Aprire spiragli

 

Il programma è online. Aprire spiragli è il titolo della ventiseiesima edizione del Festival internazionale di narrazione di Arzo, dal 20 al 23 agosto 2026.

 

La volontà è di non chiudere gli occhi su un presente segnato da guerre, crisi e derive, ma di difendere uno spazio condiviso in cui guardare il mondo e immaginare scenari diversi. Il teatro come luogo in cui allenare lo sguardo a cogliere possibilità là dove tutto sembra bloccato.

 

Il programma per il pubblico adulto è affidato interamente a giovani artiste e artisti che per la prima volta salgono sui palchi di Arzo — ognunə anche autrice e autore del testo che interpreta: nuove drammaturgie, linguaggi diversi, voci italiane e internazionali. Come sempre, il Festival si rivolge a tuttə: adultə, famiglie, bambinə anche a quellə piccollisimə con spettacoli dedicati alla primissima infanzia.

 

Tre progetti speciali accompagnano l’edizione. Sotto il titolo Oltre la scena, due dispositivi diversi prolungano l’esperienza teatrale oltre il tempo della rappresentazione: la Corte dei Miracoli si rinnova con la collaborazione di Prismi, laboratorio di drammaturgia della Svizzera italiana, mentre Andrea Marioni porta al festival Lumpen Station Art, la sua web radio itinerante. Con Sguardi sul teatro, il journal del festival si rinnova grazie un laboratorio rivolto a giovani tra i 18 e i 26 anni che racconteranno il Festival dall’interno.

 

Biglietti e abbonamenti sono in vendita su biglietteria.ch.
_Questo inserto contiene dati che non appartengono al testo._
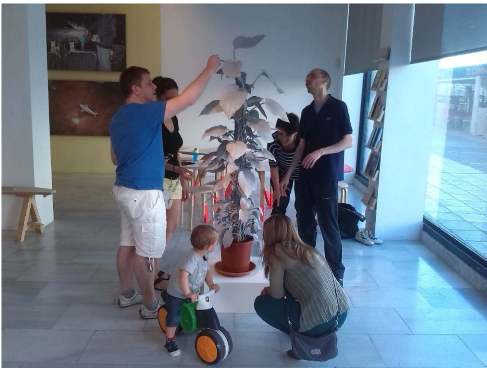
Fig. 7 - Exploración conjunta en hacer en lo cotidiano 02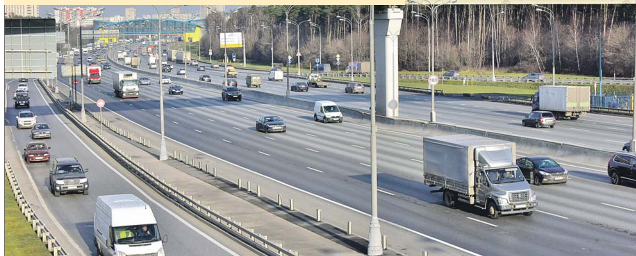
Высокие показатели аварийности объясняются тем, что в статистику включены ДТП на МКАД

ГИБДД составила рейтинг самых аварийных районов города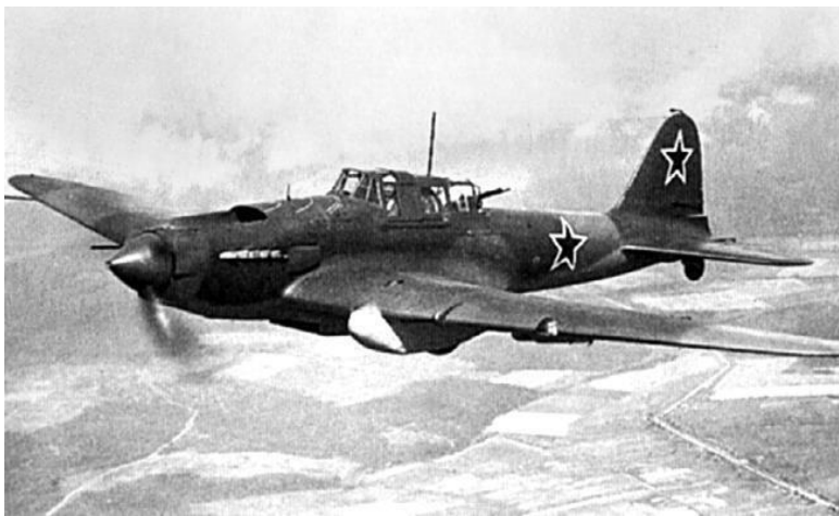
Ил-2 в воздухе

Per chi desidera sostenere il festival, è possibile aggiungere all’acquisto un contributo volontario.

 

Vi ricordiamo l’importanza di associarvi, un contributo per il festival sempre più prezioso: è possibile diventare sociə del Festival versando un importo minimo di fr. 50.—, sul conto corrente postale intestato ad Associazione Festival di narrazione (maggiori info).

Tuono, il mio vicino gigante

Andrea Gambuzza e Giacomo Riggi

21.08.2026 18:30

tratto dal libro Tuono di Ulf Stark

diretto e interpretato da Andrea Gambuzza

musiche composte ed eseguite da Giacomo Riggi

Bambinə, ragazzə: da 7 anni

Arzo - Giardino Contessa

Durata: 60'

[→]Acquista il ticket

Il signor Tunesson, detto Tuono, è enorme, sempre arrabbiato, con la sua camicia a fiori color sangue sul punto di scoppiare sopra la grossa pancia — chissà se piena di salsicce, di gatti o di bambine e bambini. Abitargli vicino è un brivido continuo. Ma quando il protagonista, per riconquistare l'amicizia perduta di Bernt, si avventura nel suo giardino, scopre che il gigante non è poi quello che sembra: è un uomo più solo che arrabbiato, con un'insospettabile passione per la musica. E forse proprio lui potrebbe aiutare a restituire alla mamma il sorriso che ha perduto — e lo spazio, la musica, le passeggiate che si è lasciata alle spalle. Uno spettacolo su coraggio e amicizia, sul timore dell'altro e sulla scoperta che anche i grandi soffrono e hanno bisogno di essere aiutati — raccontato da un attore e un pianoforte, con la delicatezza e il divertimento del grande scrittore svedese Ulf Stark.